- Court: United States Court of Appeals for the Ninth Circuit
- Full case name: Sega Enterprises Ltd. vs Accolade, Inc.
- Argued: July 20, 1992
- Decided: October 20, 1992
- Citation: 977 F.2d 1510 (9th Cir. 1992)

Holding
- Accolade's acts of reverse engineering Sega Genesis software to learn about its security systems and subsequent publishing of unlicensed Sega Genesis games are protected under the fair use doctrine of copyright law. Sega is held responsible for using its security system to place its trademark on Accolade's games.

Court membership
- Judges sitting: Stephen Reinhardt, William C. Canby, Jr., Edward Leavy

Case opinions
- Majority: Stephen Reinhardt

Laws applied
- 15 U.S.C. §§ 1114(1)(a), 1125(a) (Lanham Act); 17 U.S.C. §§ 101, 106, 107, 117 (Copyright Act of 1976)

= Sega v. Accolade =

1992 American court case

Sega Enterprises Ltd. v.
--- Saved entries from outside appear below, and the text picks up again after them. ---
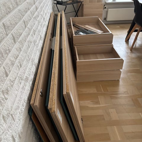 Ikea Pax garderobeskab med 10 trådskuffer og 6 hylder.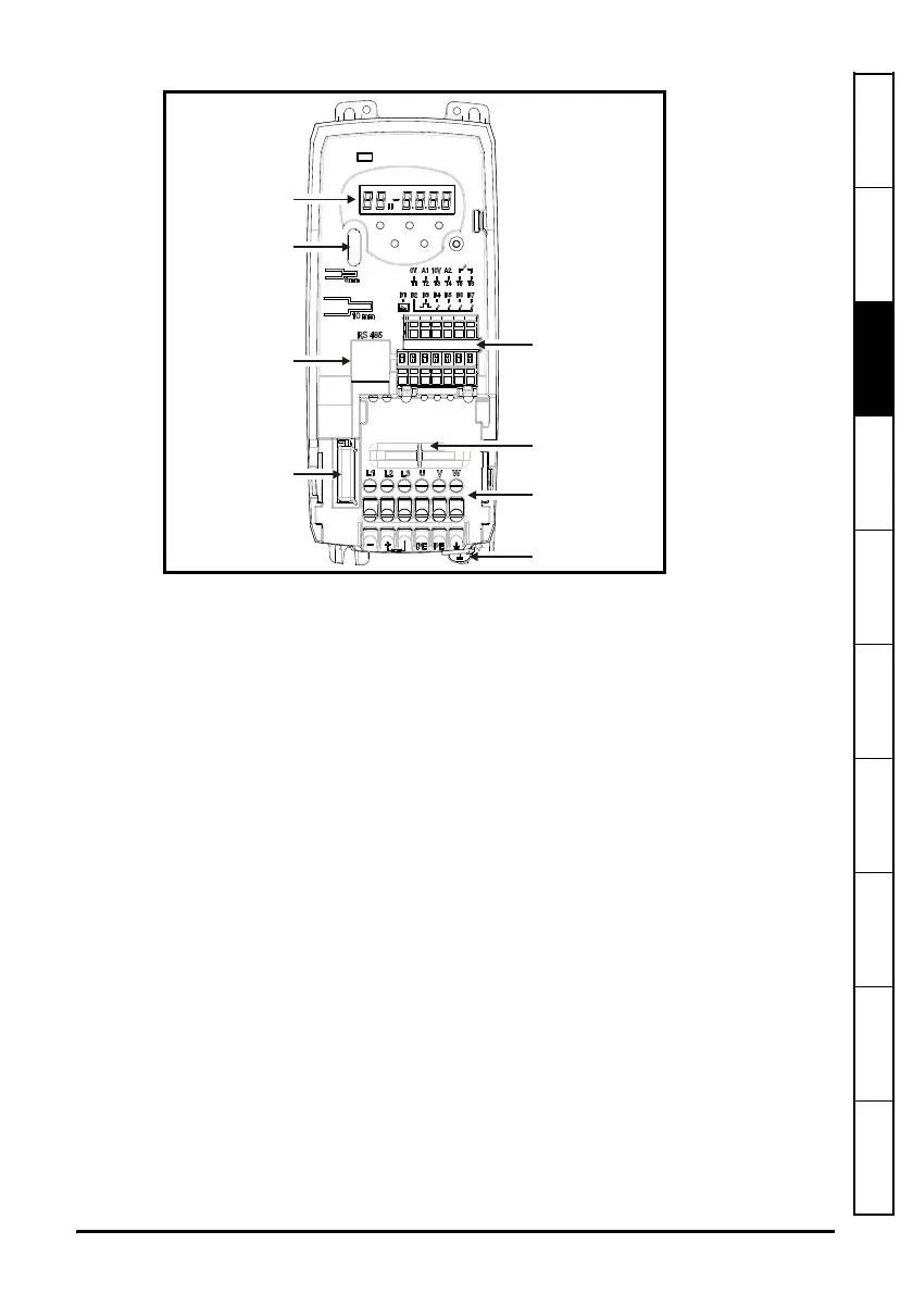 Figure 3-5 Features of the drive (size B illustrated)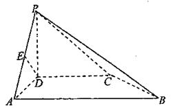 ,在四棱锥P-ABCD中,PD⊥底面ABCD,底面ABCD是直角梯形,DC//AB,∠BAD=90°,且AB=2AD=2DC=2PD=4(单位:cm),E为PA的中点。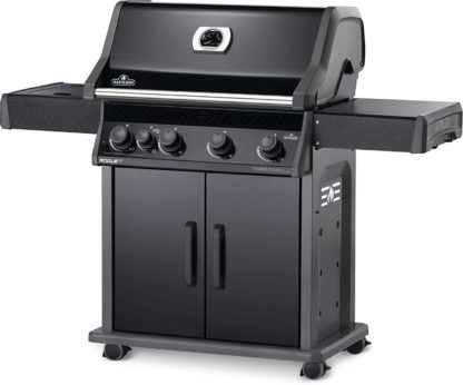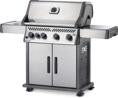 The Napoleon Rogue® 525 Propane Gas Grill with Infrared Side Burner in Black is a large and durable, easy to maintain gas grill. Featuring four main burners, stainless steel sear plates, cast grids and a high top lid, this grill has everything you need for gourmet meals. Sear restaurant-style steaks on the integrated sizzle zone side burner while generous side shelves provide plenty of prep space.

Accolade, Inc., 977 F.2d 1510 (9th Cir. 1992), is a case in which the United States Court of Appeals for the Ninth Circuit applied American intellectual property law to the reverse engineering of computer software. Stemming from the publishing of several Sega Genesis games by video game publisher Accolade, which had disassembled Genesis software in order to publish games without being licensed by Sega, the case involved several overlapping issues, including the scope of copyright, permissible uses for trademarks, and the scope of the fair use doctrine for computer code.

The case was filed in the U.S. District Court for the Northern District of California, which ruled in favor of Sega and issued an injunction against Accolade preventing them from publishing any more games for the Genesis and requiring them to recall all the existing Genesis games they had for sale. Accolade appealed the decision to the Ninth Circuit on the grounds that their reverse engineering of the Genesis was protected under fair use. The Ninth Circuit reversed the district court's order and ruled that Accolade's use of reverse engineering to publish Genesis titles was protected under fair use, and that its alleged violation of Sega trademarks was the fault of Sega. The case is frequently cited in matters involving reverse engineering and fair use under copyright law.

==Background==
In March 1984, Sega Enterprises Ltd. was purchased by its former CEO, David Rosen, along with a group of backers. Hayao Nakayama, one of these backers, was named the new CEO of Sega. Following the crash of the arcade industry, Nakayama decided to focus development efforts on the home console market. During this time, Sega became concerned about software and hardware piracy in Southeast Asia, and particularly in Taiwan. Taiwan was not a signatory of the Berne Convention on copyright, limiting Sega's legal options in that region. However, Taiwan did allow prosecution for trademark infringement. Though Sega had created security systems in their consoles to keep their software from being pirated and to keep unlicensed publishers out, much like its competitor Nintendo, counterfeiters had discovered ways to prevent the Sega trademark from appearing on their games, bypassing the trademark altogether.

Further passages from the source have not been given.